(Bayesian) Linguistic Analysis

jphastings · September 13, 2009, 7:25pm

I’ve found some interesting libraries (Classifier, Bishop) that will
help you classify a given phrase once you’ve trained it with a suitable
number of guided test phrases, but I’m looking for something a little
different:

I’d like to be able to train a class to return (lets say) how happy a
phrase is. So I could train it with 100 phrases that were between -100%
happy (ie. sad), 0% happy (neutral) and 100% happy and then on entering
a new phrase it would return the percentage happy that phrase was.

Am I looking for Bayesian analysis? Am I missing some feature of the
Classifier class? Should I be looking elsewhere for this functionality?

Any information will be gratefully received!

jphastings · September 14, 2009, 3:40pm

Jp Hastings-spital wrote:

I’d like to be able to train a class to return (lets say) how happy a
phrase is. So I could train it with 100 phrases that were between -100%
happy (ie. sad), 0% happy (neutral) and 100% happy and then on entering
a new phrase it would return the percentage happy that phrase was.

Am I looking for Bayesian analysis? Am I missing some feature of the
Classifier class? Should I be looking elsewhere for this functionality?

Well, pretty much. This is how bayesian spam filters work, by training
against a set of messages(decomposed to words) to learn what junk email
is made (and not made) of.

What you get out at the end when you point the classifier at new texts
is a probability that it belongs to class ‘x’.

But in the standard classifiers you don’t do the training with ‘scores’,
merely the absence or presence of a class. How you would decide at the
outset that, for training, a phrase if 57% and not 56% happy is hard to
see - if you know that you already have your algorithm.
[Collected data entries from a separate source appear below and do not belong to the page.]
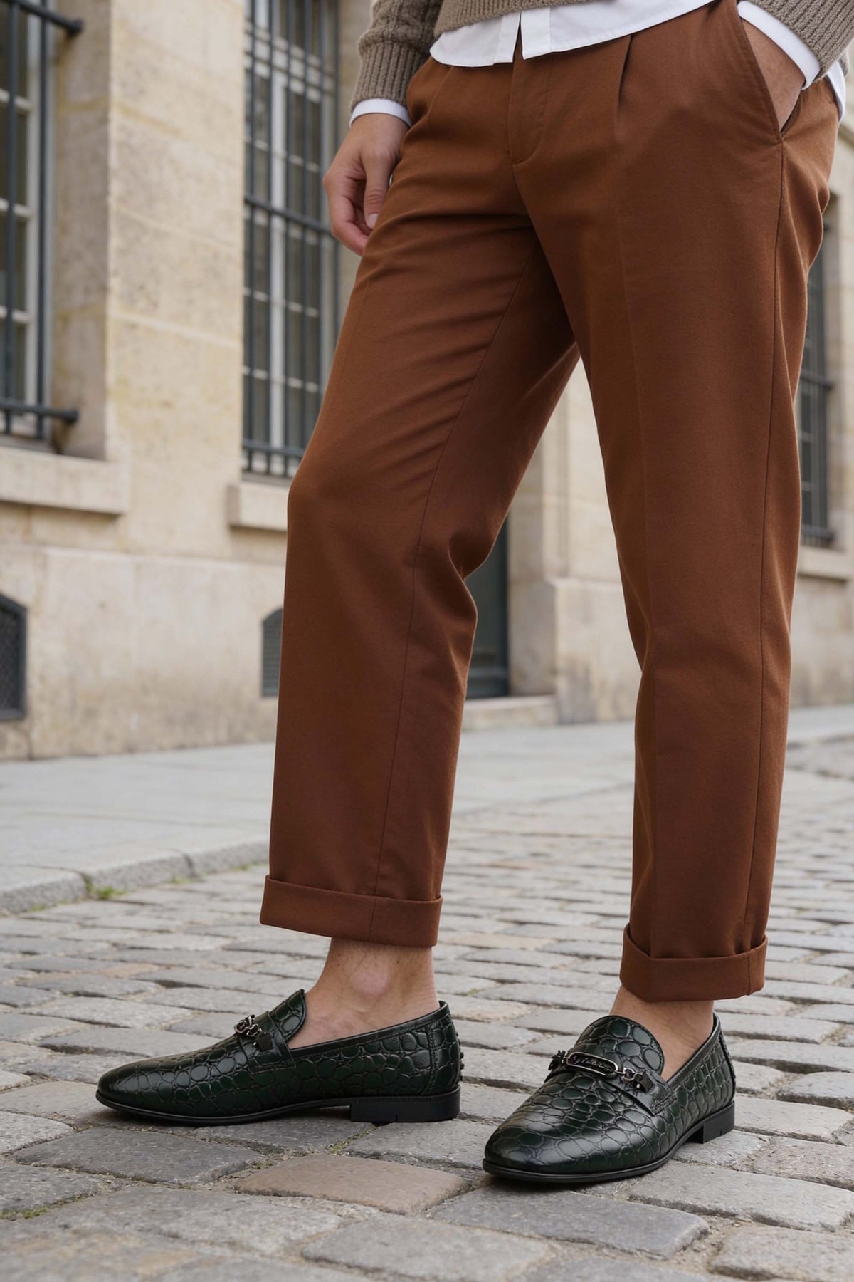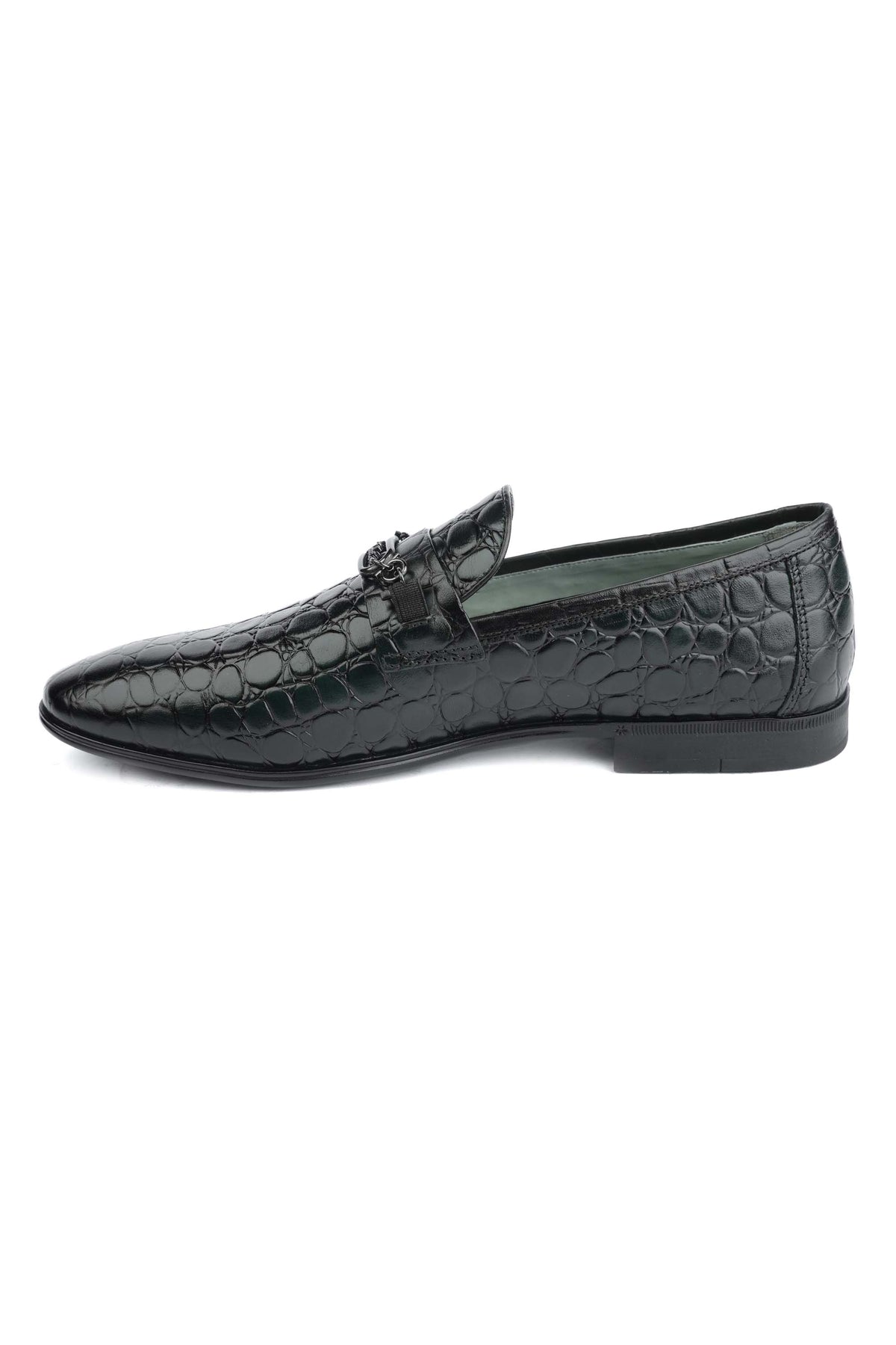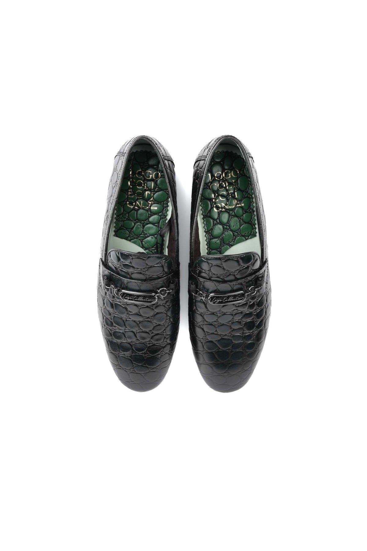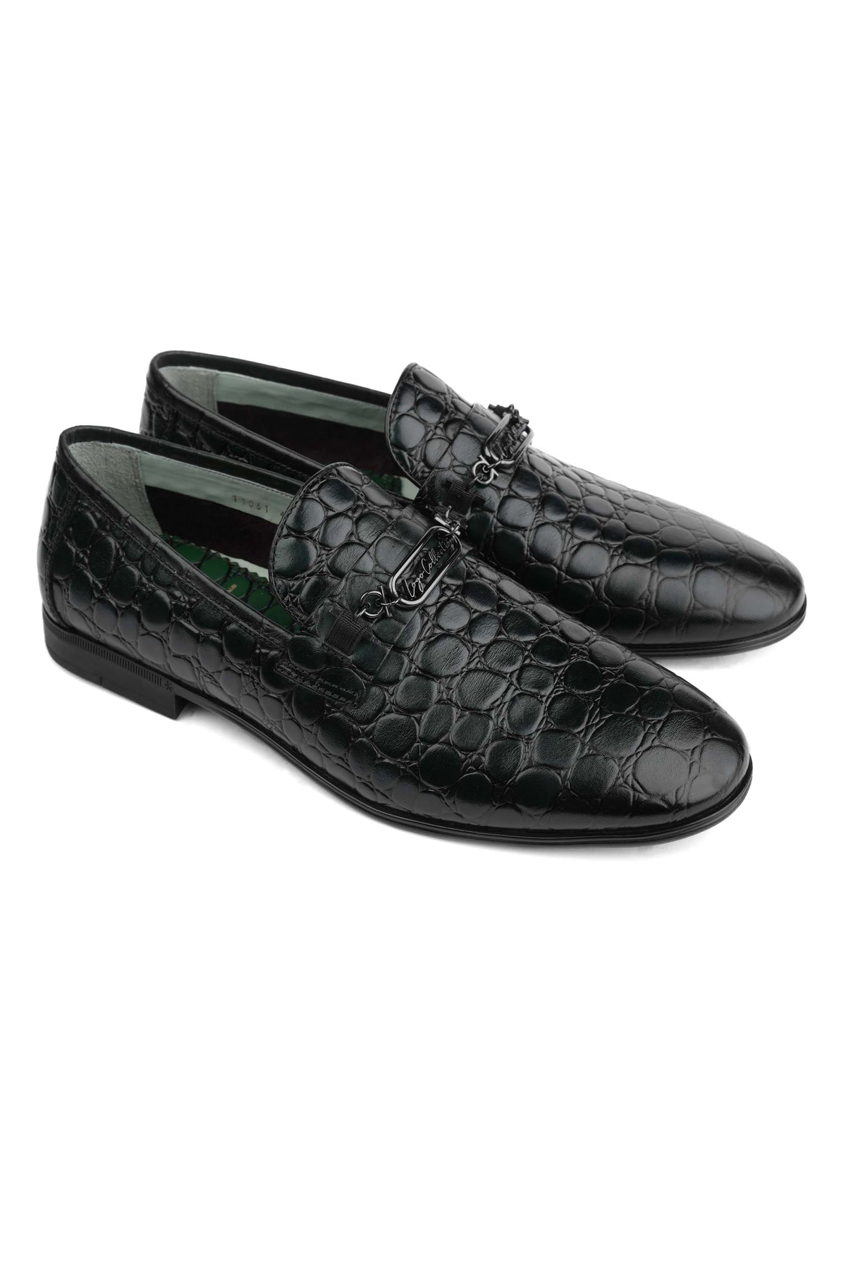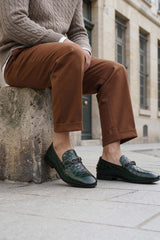 Introducing our green leather loafers, a statement of sophisticated luxury. These shoes feature a rich, textured leather that captivates with its deep, vibrant hue. The design is elevated by a striking silver-toned brooch, an emblem of refined taste that adds a touch of modern elegance to a timeless classic. It's more than a shoe—it's an expression of confident style.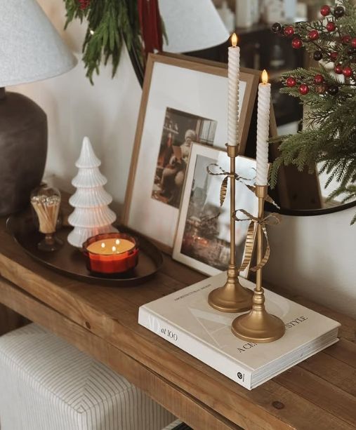 Brass candlesticks, glass hurricanes, lantern-style lights, and warm white strings create the atmosphere you’re looking for. It gives your home that moody, editorial glow that feels equal parts nostalgic and refined.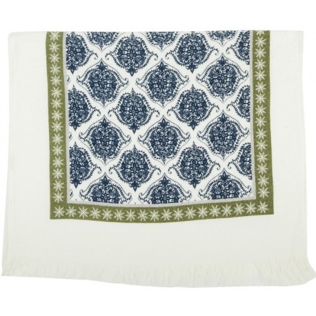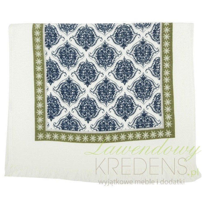 Ręcznik kuchenny firmy Clayre & Eef wykonany jest z wysokiej klasy bawełny i ma kształt prostokątu. Środek ręcznika stanowią ciekawe niebieskie wzory, a naokoło zdobi go zielony pasek z białymi gwiazdkami. Ręcznik jest kolorowy co czyni go bardzo pozytywnym elementem w kuchni.
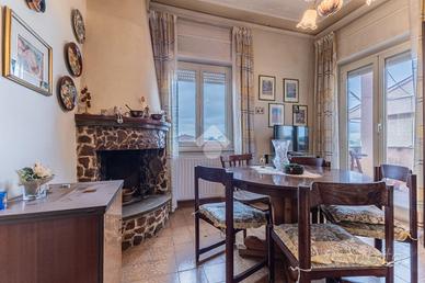 Internamente l'appartamento si compone di: salone con uscita sul terrazzo, cucina abitabile, bagno con vasca e una zona notte caratterizzata da camera matrimoniale, una cameretta con balcone ed uno studio con camino.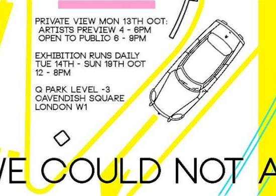 The opening night of the We Could not Agree Car Park show is 6pm to 9pm on Monday 13th october and then the show runs daily from Tuesday 14th Oct until Sunday 19th October at QPark Cr park, Level -3, Cavandish Square, London W1.
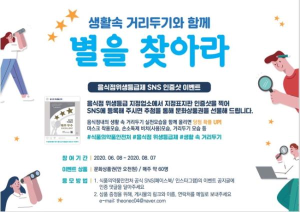 오산시(시장 곽상욱)는 음식점 위생등급제 인지도를 높이기 위해 식품의약품안전처에서 진행하는 ‘생활속 거리두기와 함께 음식점 별을 찾아라’이벤트를 오는 8월 7일까지 실시한다.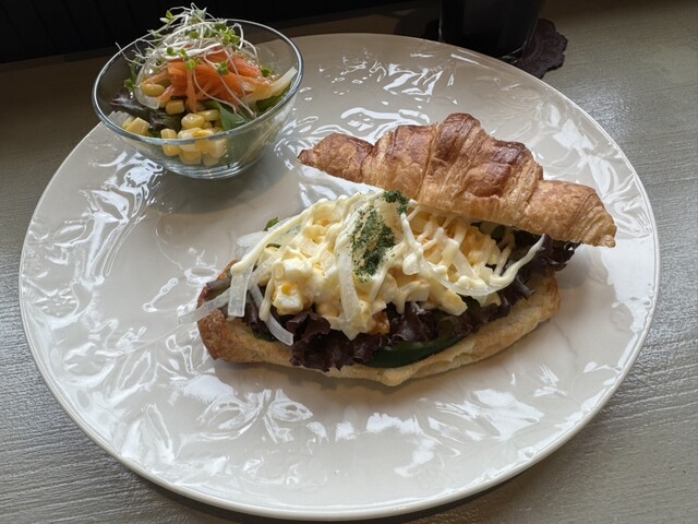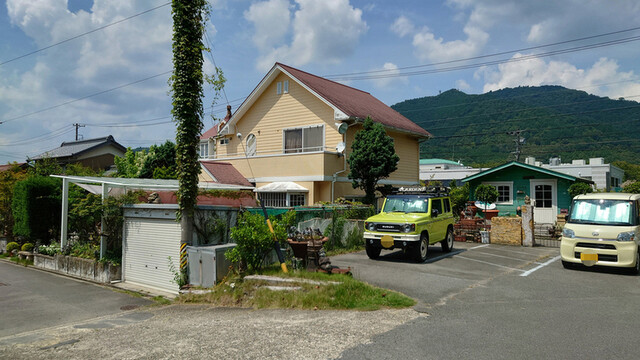 洋風のカフェで、入口は大通りに面している扉か、裏からも入れます。駐車場はお店裏にありますが、正面からでも裏からでも入れます。場所は多度大社の近く、温泉施設も近くにあり、登山後のおすすめスポット。11時までのモーニングにぎりぎり間に合いました。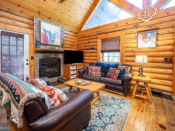 Nirvana in Yellowstone Village – Deep Creek Lake! Discover the perfect mountain retreat in this 2-bedroom, 2 full bath log chalet, ideally situated in the highly sought-after Yellowstone Village community at Deep Creek Lake. This inviting home blends rustic charm with modern comfort, offering both a relaxing escape and an excellent investment opportunity. Step inside to a warm and open living space, highlighted by a stunning stone wood-burning fireplace and vaulted ceilings that enhance the chalet-style design. The large covered front porch welcomes you with timeless appeal, while the side deck is a true outdoor oasis—complete with a private hot tub, privacy walls, and ample room for grilling and entertaining. The main level features a comfortable bedroom and full bath with a tiled shower. Upstairs, you’ll find a cozy primary suite with its own private full bathroom. Perfectly located, this home is just minutes from Deep Creek Lake State Park, marinas, popular restaurants, and the Wisp Resort—making it ideal for both year-round living and vacation stays. As an established Airbnb rental, this home consistently grosses over $63,000 annually, offering exceptional income potential. This property is one of the few rental homes at Deep Creek Lake that truly cash flows, offering exceptional investment potential—and it can also be purchased together with the neighboring log cabin at 30 Village Drive, nearly doubling your rental income opportunity. The condo association ensures maintenance-free living, taking care of exterior upkeep, insurance, mowing, plowing, and refuse, so you can simply relax and enjoy all that Deep Creek has to offer. Whether you’re seeking a turnkey rental, a vacation getaway, or a cozy mountain home, this Yellowstone Village log home delivers it all!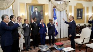 Durante la juramentación, el presidente de la República estuvo acompañado del ministro Administrativo de la Presidencia, José Ramón Peralta, y del consultor jurídico del Poder Ejecutivo, Flavio Darío Espinal.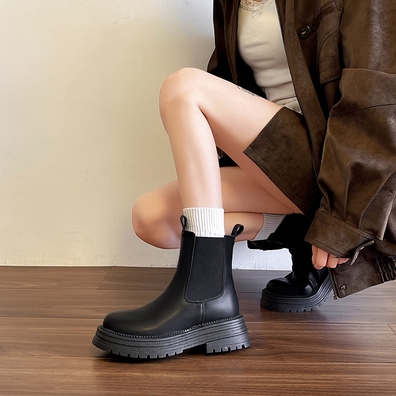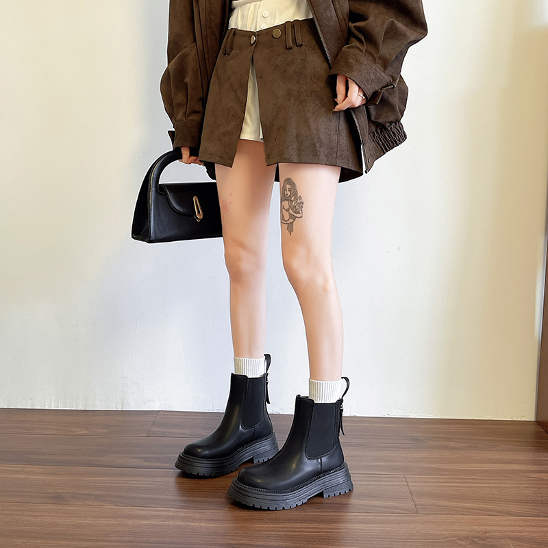 女靴子靴子韩版潮时尚保暖防滑短靴圆头粗跟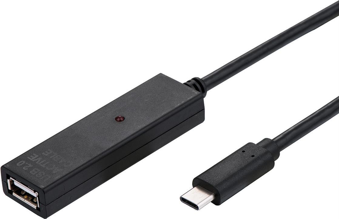 Aktives USB 2.0 Verlängerungskabel mit Typ C Stecker und Typ A Buchse zur Verbindung beispielsweise eines MacBooks/Ultrabooks mit einer externen Festplatte (SSD/HDD) oder einem Drucker über größere Distanz.

What you might do is train the classifier to know about a number of
emotional classes, eg:

‘ecstatic’
‘cheerful’
‘sad’
‘despairing’

They would obviously overlap, but the resulting scores (probabilities)
might help you then better distinguish everyday happy from very very
very happy

a

jphastings · September 14, 2009, 3:53pm

Thanks for your reply!

I guess I’m just looking to see if its been done before, I’m not worried
about sitting down and working out new algorithms to do precisely this -
in fact it could be quite fun - but there’s nothing worse than building
your own then finding there’s a ruby class that does just that and more!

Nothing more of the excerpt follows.